Bug 1978869

Summary: [GSS]Prometheus alertmanager reports msg="Error on notify" err="Post https://XXXX:8443/api/prometheus_receiver: x509: certificate is valid for ceph-dashboard, not XXXX"
Product: [Red Hat Storage] Red Hat Ceph Storage Reporter: Geo Jose <gjose>
Component: Ceph-AnsibleAssignee: Guillaume Abrioux <gabrioux>
Status: CLOSED ERRATA QA Contact: Sunil Angadi <sangadi>
Severity: medium Docs Contact: Aron Gunn <agunn>
Priority: unspecified    
Version: 4.2CC: agunn, aschoen, ceph-eng-bugs, dsavinea, epuertat, gabrioux, gmeno, mmuench, nthomas, rmandyam, sangadi, tserlin, vereddy, ykaul
Target Milestone: ---   
Target Release: 4.2z3   
Hardware: x86_64   
OS: Linux   
Whiteboard:
Fixed In Version: ceph-ansible-4.0.62.2-1.el8cp, ceph-ansible-4.0.62.2-1.el7cp Doc Type: Bug Fix
Doc Text:
.The role `ceph-dashboard` in `ceph-ansible` enforces the common name of the self-signed certificate to `ceph-dashboard` Previously, when using the self-signed certificates generated by `ceph-ansible`, it enforced the common name (CN) to `ceph-dashboard` thereby causing applications like Prometheus to error out due to the mismatch in the hostname of the node sending certificate to the clients. With this release, `ceph-ansible` sets the CN with proper values and Prometheus works as expected.
Story Points: ---
Clone Of:
: 2020628 (view as bug list) Environment:
Last Closed: 2021-09-27 18:26:24 UTC Type: Bug
Regression: --- Mount Type: ---
Documentation: --- CRM:
Verified Versions: Category: ---
oVirt Team: --- RHEL 7.3 requirements from Atomic Host:
Cloudforms Team: --- Target Upstream Version:
Embargoed:
Bug Depends On:    
Bug Blocks: 1890121    

Description Geo Jose 2021-07-03 05:53:32 UTC
Description of problem:
 - alertmanager service produces lot of errors in the log continuously.
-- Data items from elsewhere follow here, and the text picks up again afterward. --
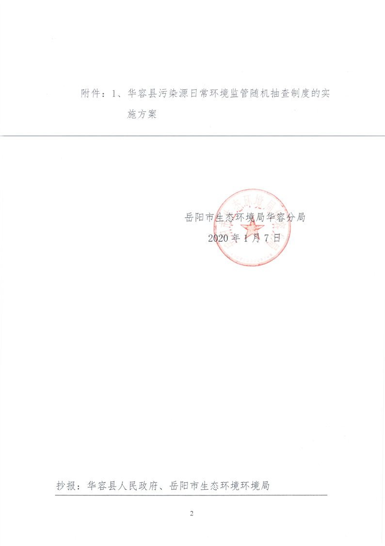 2020年华容县污染源日常环境监管随机抽查制度的实施方案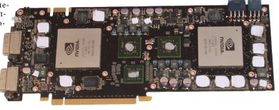 По габаритам это устройство не отличается от предыдущей версии, также занимает два слота расширения. Вероятно, для того, чтобы разместить два графических адаптера и все необходимые микросхемы памяти на одной печатной плате, инженерам nVidia пришлось использовать плату с большим числом проводящих слоев. Наряду с двумя ГП и 28 микросхемами памяти типа GDDR3 производства Hynix на плате распаяны три интерфейсных контроллера.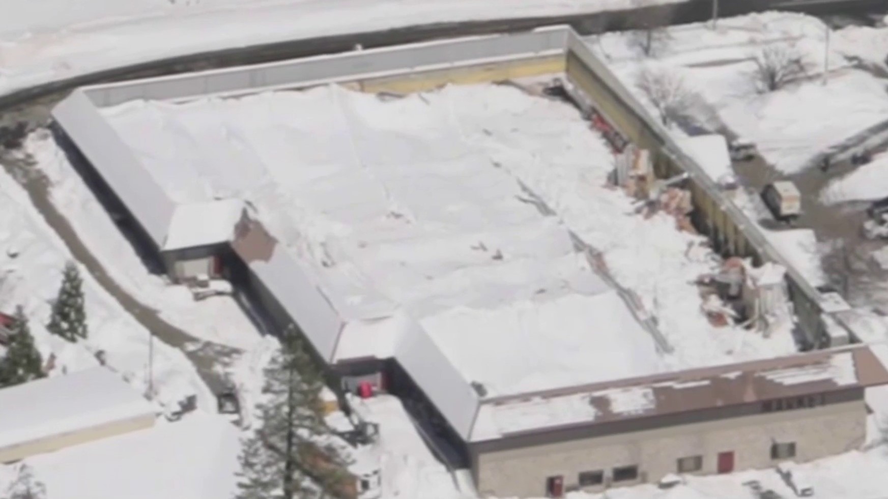 The roof of a grocery store in Crestline collapsed Wednesday under the weight of snow that piled several feet high.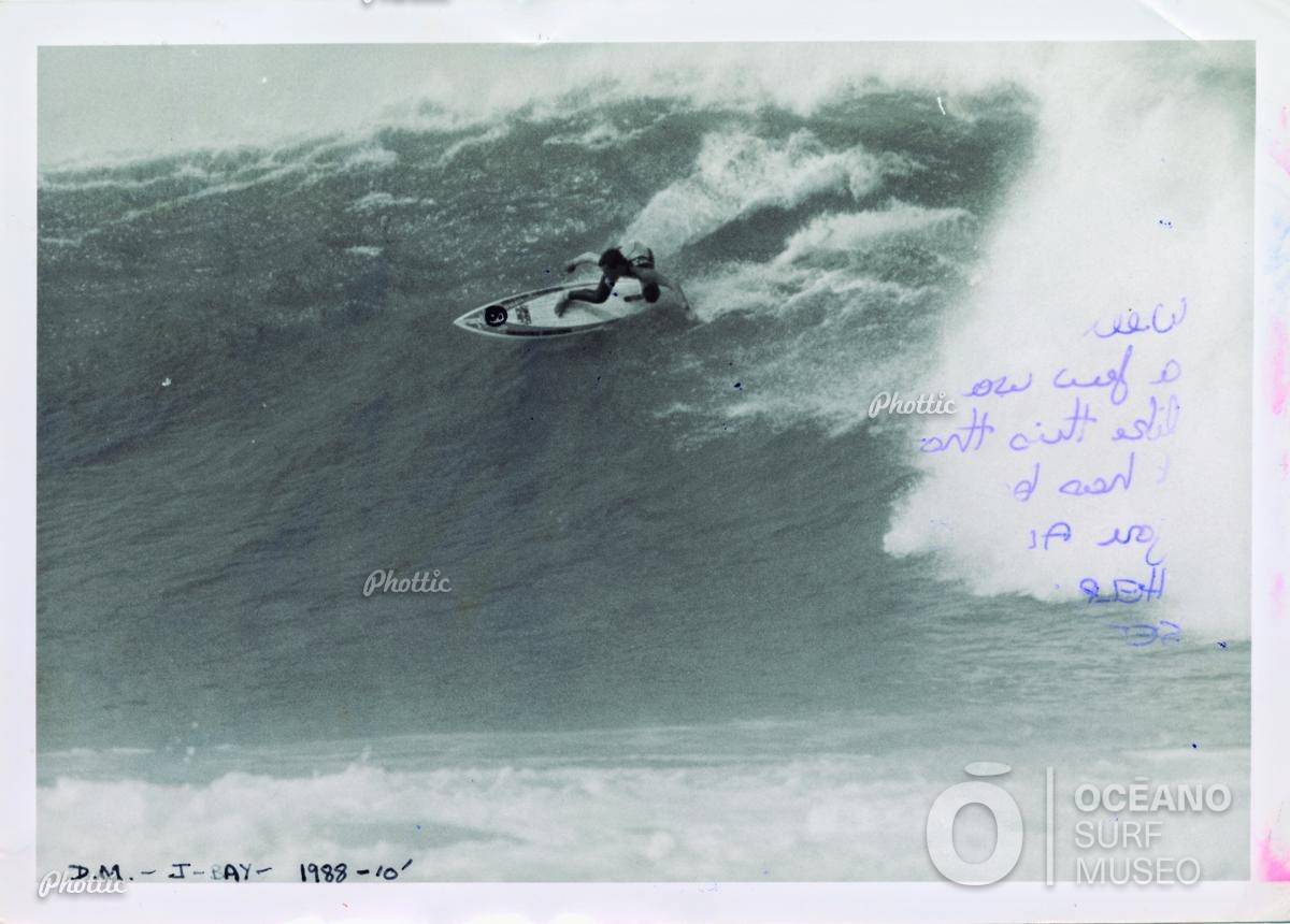 La llegada en 1989 de Dave Malherbe a Pantín con su tarjeta de “surfer profesional” fue uno de los primeros síntomas de la línea que iba a seguir el campeonato en los próximos años. Desde ese momento el Océano Surf Club estableció una estrecha relación con este surfista sudafricano que en 1994 nos mandaba esta postal de Navidad desde Jeffrey’s Bay.

Version-Release number of selected component (if applicable):
 - RHCS 4.2

Steps to Reproduce:
1. Install RHCS 4.2
2. Check alertmanager logs.

Actual results:
 - alertmanager service produces lot of errors

Expected results:
 - If this an error, needs to fix. 
 - If this is not an error, these logs should not be displayed.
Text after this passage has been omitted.